__Task instructions__. Start to finish, return the listing below exactly, pictures excluded.

########################################

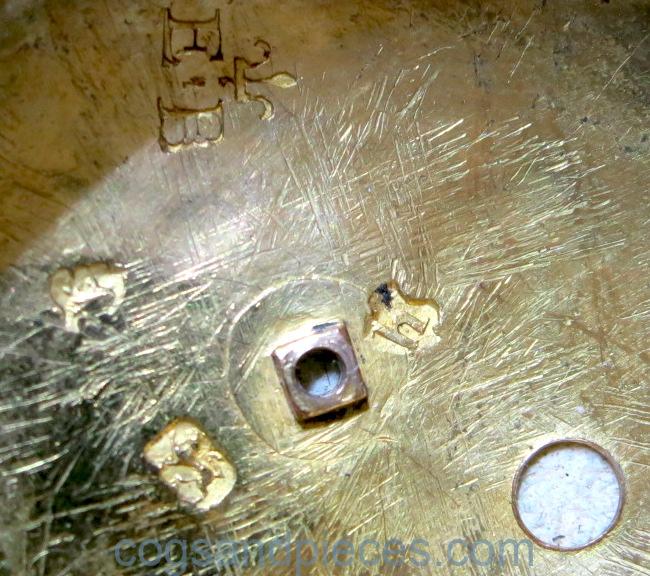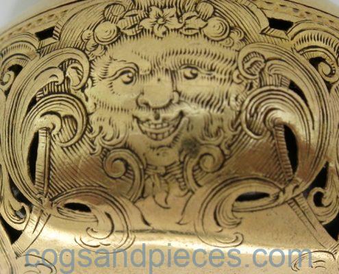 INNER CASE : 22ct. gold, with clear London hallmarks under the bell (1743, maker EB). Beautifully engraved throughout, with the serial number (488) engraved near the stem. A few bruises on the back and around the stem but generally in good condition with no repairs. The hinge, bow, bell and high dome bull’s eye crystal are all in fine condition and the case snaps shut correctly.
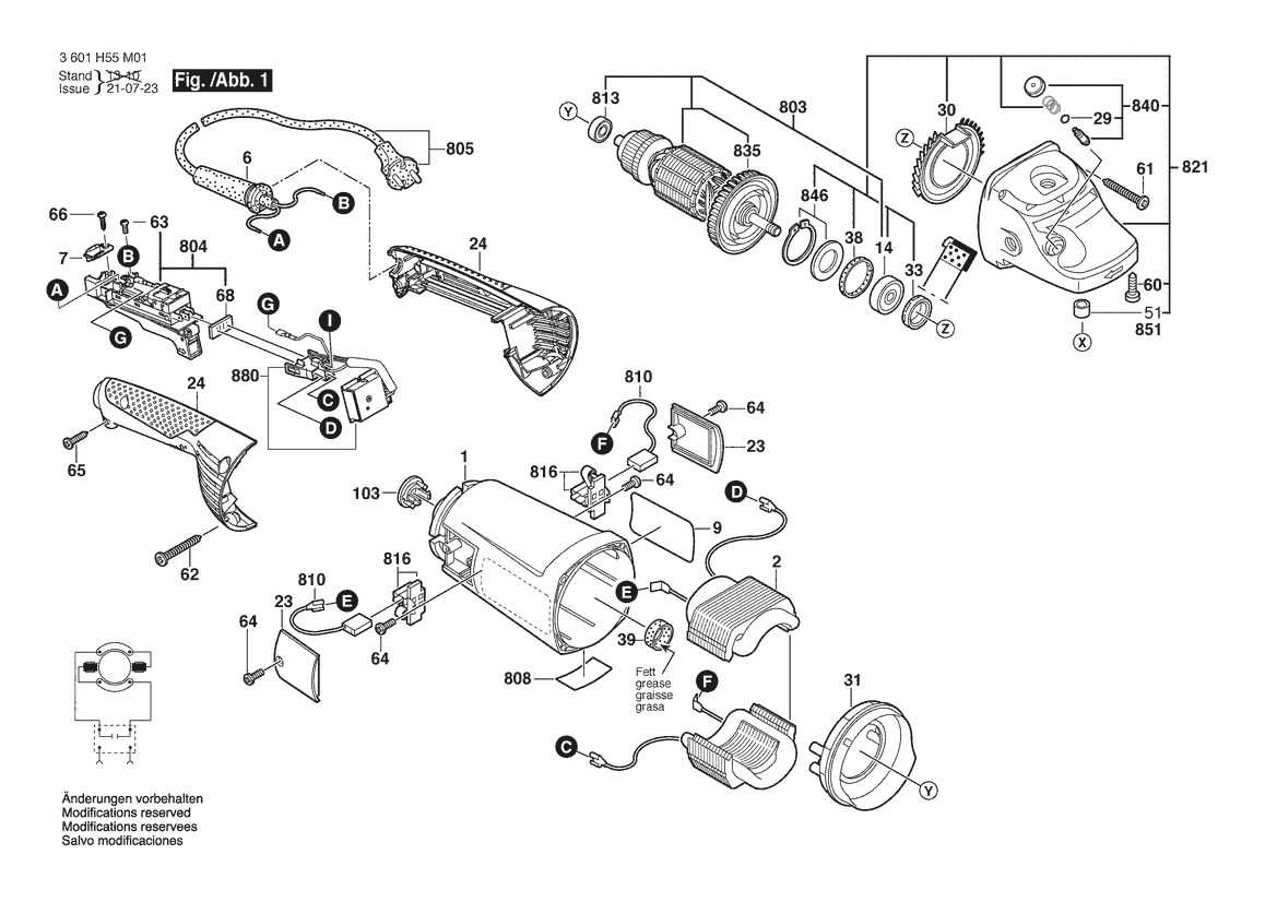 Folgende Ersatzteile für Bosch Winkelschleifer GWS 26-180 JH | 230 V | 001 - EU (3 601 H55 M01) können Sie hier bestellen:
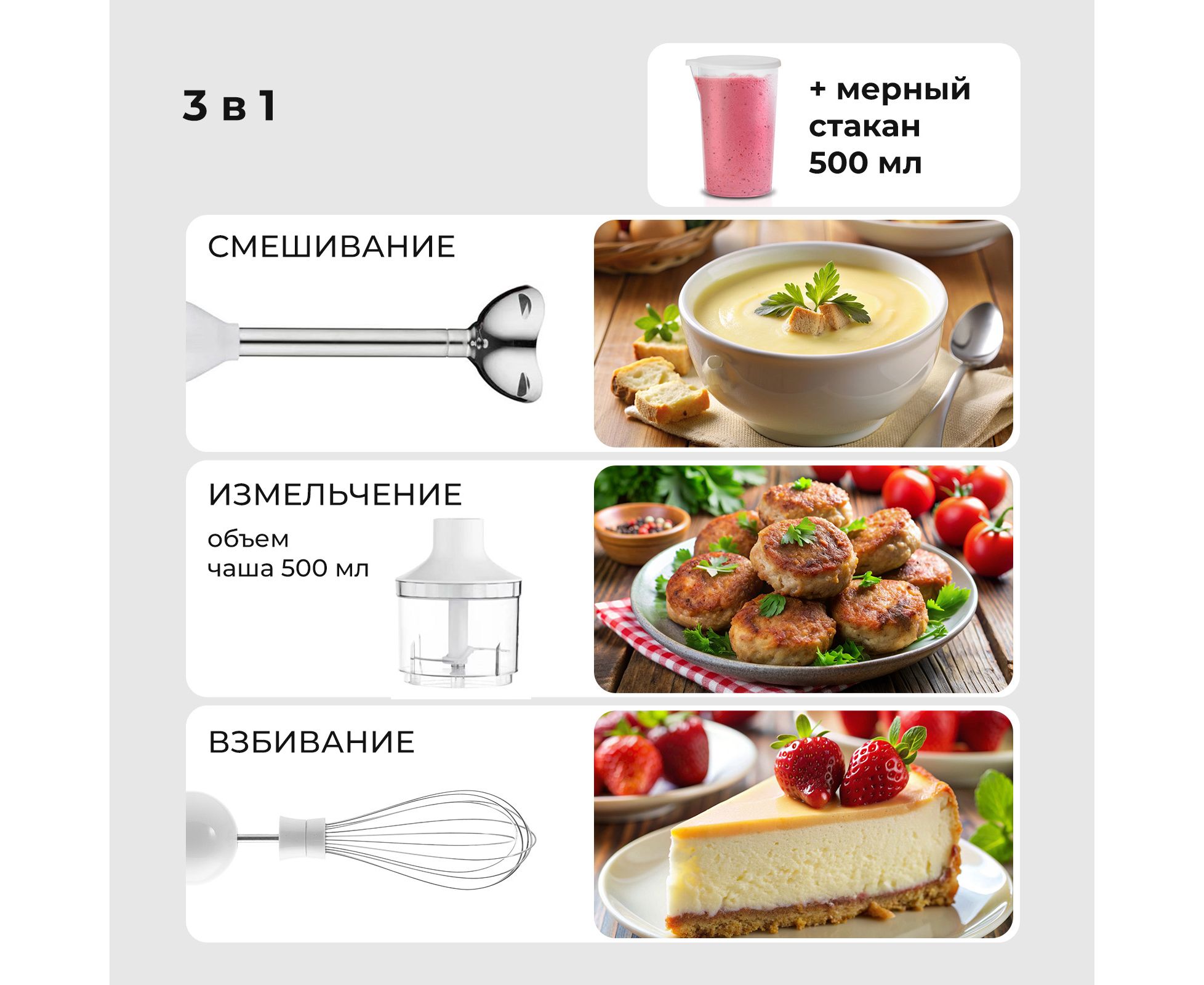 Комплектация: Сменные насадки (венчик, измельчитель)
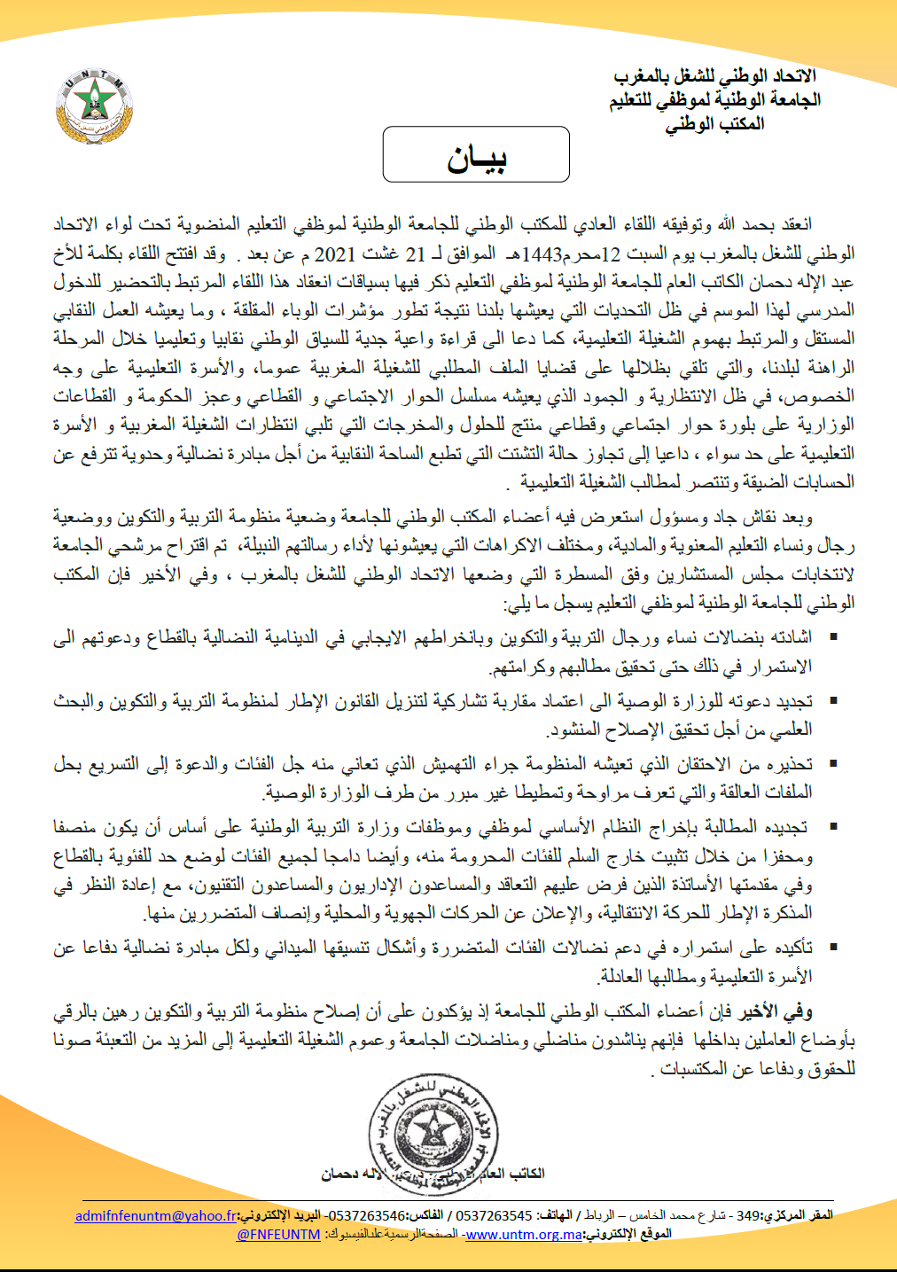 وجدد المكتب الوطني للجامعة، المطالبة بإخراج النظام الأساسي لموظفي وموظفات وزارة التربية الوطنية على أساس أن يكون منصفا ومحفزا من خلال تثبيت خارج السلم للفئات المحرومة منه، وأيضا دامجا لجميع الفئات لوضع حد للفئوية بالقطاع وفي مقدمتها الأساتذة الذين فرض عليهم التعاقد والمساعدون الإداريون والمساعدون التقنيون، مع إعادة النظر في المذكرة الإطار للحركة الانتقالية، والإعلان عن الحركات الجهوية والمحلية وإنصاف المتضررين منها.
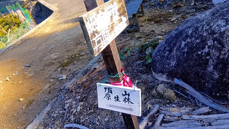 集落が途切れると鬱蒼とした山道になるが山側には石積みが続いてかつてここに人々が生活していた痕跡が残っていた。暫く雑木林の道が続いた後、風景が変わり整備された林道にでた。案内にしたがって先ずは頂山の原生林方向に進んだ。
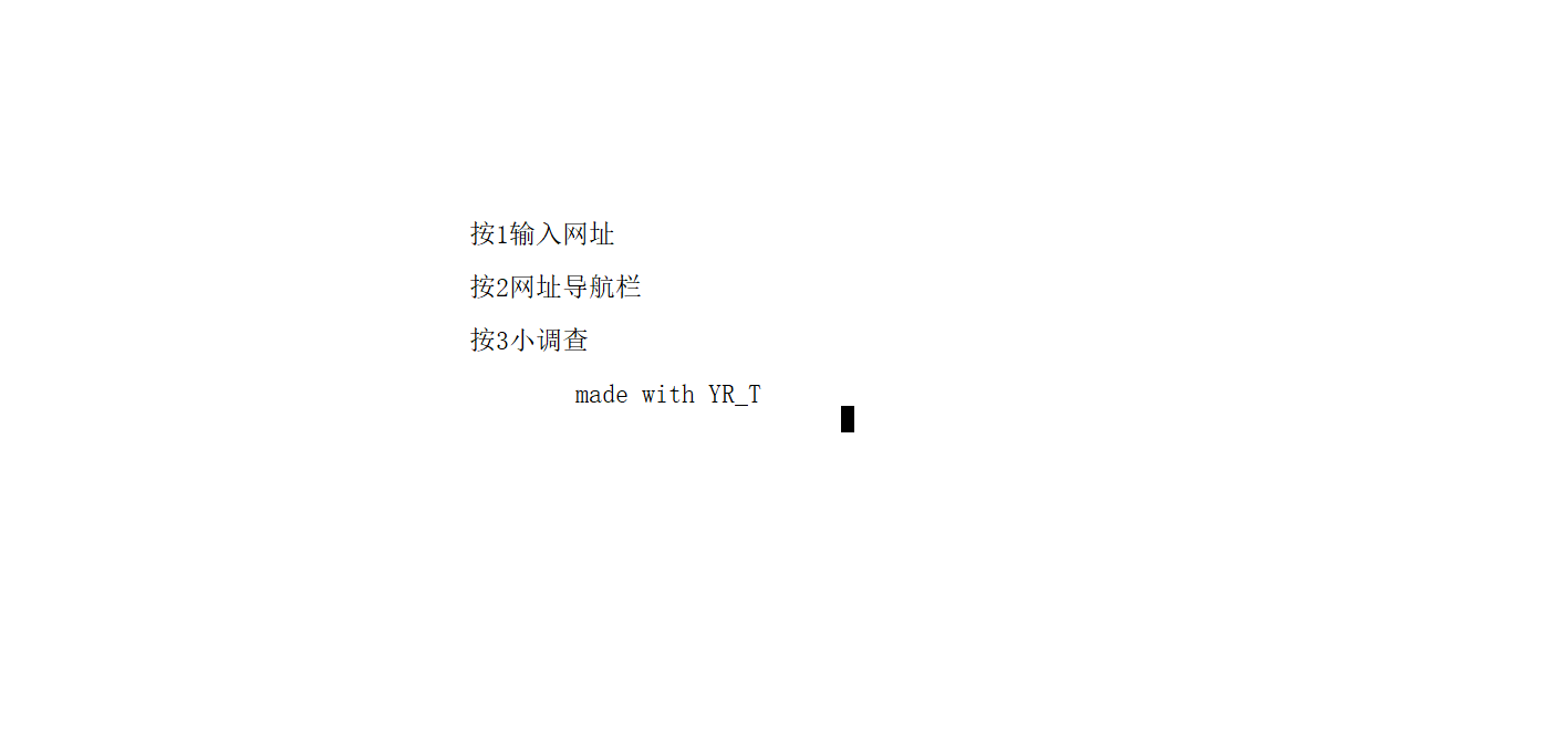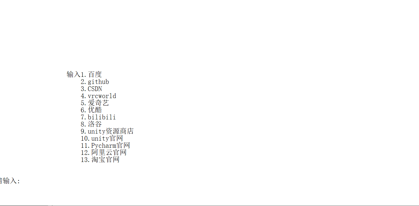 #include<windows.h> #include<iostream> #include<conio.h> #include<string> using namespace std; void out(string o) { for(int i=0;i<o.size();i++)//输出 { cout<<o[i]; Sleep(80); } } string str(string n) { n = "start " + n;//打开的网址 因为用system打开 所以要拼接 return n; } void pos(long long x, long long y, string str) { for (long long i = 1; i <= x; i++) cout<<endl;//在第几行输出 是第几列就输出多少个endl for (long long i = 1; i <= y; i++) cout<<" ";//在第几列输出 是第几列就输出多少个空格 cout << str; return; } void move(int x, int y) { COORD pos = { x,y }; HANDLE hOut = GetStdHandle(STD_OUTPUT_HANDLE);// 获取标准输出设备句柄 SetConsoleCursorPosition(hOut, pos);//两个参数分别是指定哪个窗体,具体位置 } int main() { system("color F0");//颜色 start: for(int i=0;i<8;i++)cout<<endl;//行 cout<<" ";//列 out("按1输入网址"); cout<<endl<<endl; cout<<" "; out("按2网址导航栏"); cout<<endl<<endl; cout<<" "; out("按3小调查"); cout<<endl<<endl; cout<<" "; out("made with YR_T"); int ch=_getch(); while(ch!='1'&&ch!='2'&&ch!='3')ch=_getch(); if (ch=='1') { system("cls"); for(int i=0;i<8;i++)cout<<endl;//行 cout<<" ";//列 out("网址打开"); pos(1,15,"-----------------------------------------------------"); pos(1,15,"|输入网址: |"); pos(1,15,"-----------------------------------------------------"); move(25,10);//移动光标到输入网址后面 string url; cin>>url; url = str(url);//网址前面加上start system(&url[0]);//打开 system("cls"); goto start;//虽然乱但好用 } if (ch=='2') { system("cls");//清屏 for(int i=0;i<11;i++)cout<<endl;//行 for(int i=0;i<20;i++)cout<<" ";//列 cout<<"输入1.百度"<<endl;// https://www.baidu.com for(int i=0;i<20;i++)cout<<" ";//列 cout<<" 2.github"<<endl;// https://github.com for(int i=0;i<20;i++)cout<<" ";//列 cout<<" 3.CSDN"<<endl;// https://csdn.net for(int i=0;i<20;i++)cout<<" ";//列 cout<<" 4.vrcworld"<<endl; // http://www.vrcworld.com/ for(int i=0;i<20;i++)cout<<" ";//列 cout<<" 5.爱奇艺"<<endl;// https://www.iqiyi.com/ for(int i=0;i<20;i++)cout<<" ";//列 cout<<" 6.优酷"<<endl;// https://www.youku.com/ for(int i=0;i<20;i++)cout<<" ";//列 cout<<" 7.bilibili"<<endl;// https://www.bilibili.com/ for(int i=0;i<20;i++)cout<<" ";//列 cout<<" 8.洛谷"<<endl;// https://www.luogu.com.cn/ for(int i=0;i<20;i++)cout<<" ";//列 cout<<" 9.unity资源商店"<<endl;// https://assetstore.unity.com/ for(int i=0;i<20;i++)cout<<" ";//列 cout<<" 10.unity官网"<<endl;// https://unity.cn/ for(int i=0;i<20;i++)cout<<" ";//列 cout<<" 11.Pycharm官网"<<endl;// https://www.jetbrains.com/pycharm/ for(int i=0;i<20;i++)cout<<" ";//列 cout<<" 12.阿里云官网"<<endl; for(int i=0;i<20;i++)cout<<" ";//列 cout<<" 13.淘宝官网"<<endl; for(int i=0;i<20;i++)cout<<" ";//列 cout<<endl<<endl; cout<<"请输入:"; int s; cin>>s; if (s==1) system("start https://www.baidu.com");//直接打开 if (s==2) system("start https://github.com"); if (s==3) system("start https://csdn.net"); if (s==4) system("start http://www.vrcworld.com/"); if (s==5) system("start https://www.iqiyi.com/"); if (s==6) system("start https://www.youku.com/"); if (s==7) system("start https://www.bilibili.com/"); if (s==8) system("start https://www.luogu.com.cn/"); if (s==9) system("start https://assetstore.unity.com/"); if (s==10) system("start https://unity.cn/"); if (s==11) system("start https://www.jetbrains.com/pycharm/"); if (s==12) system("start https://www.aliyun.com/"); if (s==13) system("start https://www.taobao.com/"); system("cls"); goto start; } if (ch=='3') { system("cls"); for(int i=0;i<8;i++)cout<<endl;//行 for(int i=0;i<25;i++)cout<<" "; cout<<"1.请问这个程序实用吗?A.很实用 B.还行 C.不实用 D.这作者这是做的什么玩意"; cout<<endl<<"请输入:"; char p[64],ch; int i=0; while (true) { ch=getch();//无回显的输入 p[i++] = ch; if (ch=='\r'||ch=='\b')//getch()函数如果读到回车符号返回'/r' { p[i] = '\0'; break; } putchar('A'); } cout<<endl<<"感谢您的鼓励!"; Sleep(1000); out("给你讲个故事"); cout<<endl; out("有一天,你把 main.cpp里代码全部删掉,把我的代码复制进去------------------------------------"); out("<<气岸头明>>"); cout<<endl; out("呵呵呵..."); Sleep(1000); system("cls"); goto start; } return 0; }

########################################

__Exercise result__.
 INNER CASE : 22ct. gold, with clear London hallmarks under the bell (1743, maker EB). Beautifully engraved throughout, with the serial number (488) engraved near the stem. A few bruises on the back and around the stem but generally in good condition with no repairs. The hinge, bow, bell and high dome bull’s eye crystal are all in fine condition and the case snaps shut correctly.
 Folgende Ersatzteile für Bosch Winkelschleifer GWS 26-180 JH | 230 V | 001 - EU (3 601 H55 M01) können Sie hier bestellen:
 Комплектация: Сменные насадки (венчик, измельчитель)
 وجدد المكتب الوطني للجامعة، المطالبة بإخراج النظام الأساسي لموظفي وموظفات وزارة التربية الوطنية على أساس أن يكون منصفا ومحفزا من خلال تثبيت خارج السلم للفئات المحرومة منه، وأيضا دامجا لجميع الفئات لوضع حد للفئوية بالقطاع وفي مقدمتها الأساتذة الذين فرض عليهم التعاقد والمساعدون الإداريون والمساعدون التقنيون، مع إعادة النظر في المذكرة الإطار للحركة الانتقالية، والإعلان عن الحركات الجهوية والمحلية وإنصاف المتضررين منها.
 集落が途切れると鬱蒼とした山道になるが山側には石積みが続いてかつてここに人々が生活していた痕跡が残っていた。暫く雑木林の道が続いた後、風景が変わり整備された林道にでた。案内にしたがって先ずは頂山の原生林方向に進んだ。
 #include<windows.h> #include<iostream> #include<conio.h> #include<string> using namespace std; void out(string o) { for(int i=0;i<o.size();i++)//输出 { cout<<o[i]; Sleep(80); } } string str(string n) { n = "start " + n;//打开的网址 因为用system打开 所以要拼接 return n; } void pos(long long x, long long y, string str) { for (long long i = 1; i <= x; i++) cout<<endl;//在第几行输出 是第几列就输出多少个endl for (long long i = 1; i <= y; i++) cout<<" ";//在第几列输出 是第几列就输出多少个空格 cout << str; return; } void move(int x, int y) { COORD pos = { x,y }; HANDLE hOut = GetStdHandle(STD_OUTPUT_HANDLE);// 获取标准输出设备句柄 SetConsoleCursorPosition(hOut, pos);//两个参数分别是指定哪个窗体,具体位置 } int main() { system("color F0");//颜色 start: for(int i=0;i<8;i++)cout<<endl;//行 cout<<" ";//列 out("按1输入网址"); cout<<endl<<endl; cout<<" "; out("按2网址导航栏"); cout<<endl<<endl; cout<<" "; out("按3小调查"); cout<<endl<<endl; cout<<" "; out("made with YR_T"); int ch=_getch(); while(ch!='1'&&ch!='2'&&ch!='3')ch=_getch(); if (ch=='1') { system("cls"); for(int i=0;i<8;i++)cout<<endl;//行 cout<<" ";//列 out("网址打开"); pos(1,15,"-----------------------------------------------------"); pos(1,15,"|输入网址: |"); pos(1,15,"-----------------------------------------------------"); move(25,10);//移动光标到输入网址后面 string url; cin>>url; url = str(url);//网址前面加上start system(&url[0]);//打开 system("cls"); goto start;//虽然乱但好用 } if (ch=='2') { system("cls");//清屏 for(int i=0;i<11;i++)cout<<endl;//行 for(int i=0;i<20;i++)cout<<" ";//列 cout<<"输入1.百度"<<endl;// https://www.baidu.com for(int i=0;i<20;i++)cout<<" ";//列 cout<<" 2.github"<<endl;// https://github.com for(int i=0;i<20;i++)cout<<" ";//列 cout<<" 3.CSDN"<<endl;// https://csdn.net for(int i=0;i<20;i++)cout<<" ";//列 cout<<" 4.vrcworld"<<endl; // http://www.vrcworld.com/ for(int i=0;i<20;i++)cout<<" ";//列 cout<<" 5.爱奇艺"<<endl;// https://www.iqiyi.com/ for(int i=0;i<20;i++)cout<<" ";//列 cout<<" 6.优酷"<<endl;// https://www.youku.com/ for(int i=0;i<20;i++)cout<<" ";//列 cout<<" 7.bilibili"<<endl;// https://www.bilibili.com/ for(int i=0;i<20;i++)cout<<" ";//列 cout<<" 8.洛谷"<<endl;// https://www.luogu.com.cn/ for(int i=0;i<20;i++)cout<<" ";//列 cout<<" 9.unity资源商店"<<endl;// https://assetstore.unity.com/ for(int i=0;i<20;i++)cout<<" ";//列 cout<<" 10.unity官网"<<endl;// https://unity.cn/ for(int i=0;i<20;i++)cout<<" ";//列 cout<<" 11.Pycharm官网"<<endl;// https://www.jetbrains.com/pycharm/ for(int i=0;i<20;i++)cout<<" ";//列 cout<<" 12.阿里云官网"<<endl; for(int i=0;i<20;i++)cout<<" ";//列 cout<<" 13.淘宝官网"<<endl; for(int i=0;i<20;i++)cout<<" ";//列 cout<<endl<<endl; cout<<"请输入:"; int s; cin>>s; if (s==1) system("start https://www.baidu.com");//直接打开 if (s==2) system("start https://github.com"); if (s==3) system("start https://csdn.net"); if (s==4) system("start http://www.vrcworld.com/"); if (s==5) system("start https://www.iqiyi.com/"); if (s==6) system("start https://www.youku.com/"); if (s==7) system("start https://www.bilibili.com/"); if (s==8) system("start https://www.luogu.com.cn/"); if (s==9) system("start https://assetstore.unity.com/"); if (s==10) system("start https://unity.cn/"); if (s==11) system("start https://www.jetbrains.com/pycharm/"); if (s==12) system("start https://www.aliyun.com/"); if (s==13) system("start https://www.taobao.com/"); system("cls"); goto start; } if (ch=='3') { system("cls"); for(int i=0;i<8;i++)cout<<endl;//行 for(int i=0;i<25;i++)cout<<" "; cout<<"1.请问这个程序实用吗?A.很实用 B.还行 C.不实用 D.这作者这是做的什么玩意"; cout<<endl<<"请输入:"; char p[64],ch; int i=0; while (true) { ch=getch();//无回显的输入 p[i++] = ch; if (ch=='\r'||ch=='\b')//getch()函数如果读到回车符号返回'/r' { p[i] = '\0'; break; } putchar('A'); } cout<<endl<<"感谢您的鼓励!"; Sleep(1000); out("给你讲个故事"); cout<<endl; out("有一天,你把 main.cpp里代码全部删掉,把我的代码复制进去------------------------------------"); out("<<气岸头明>>"); cout<<endl; out("呵呵呵..."); Sleep(1000); system("cls"); goto start; } return 0; }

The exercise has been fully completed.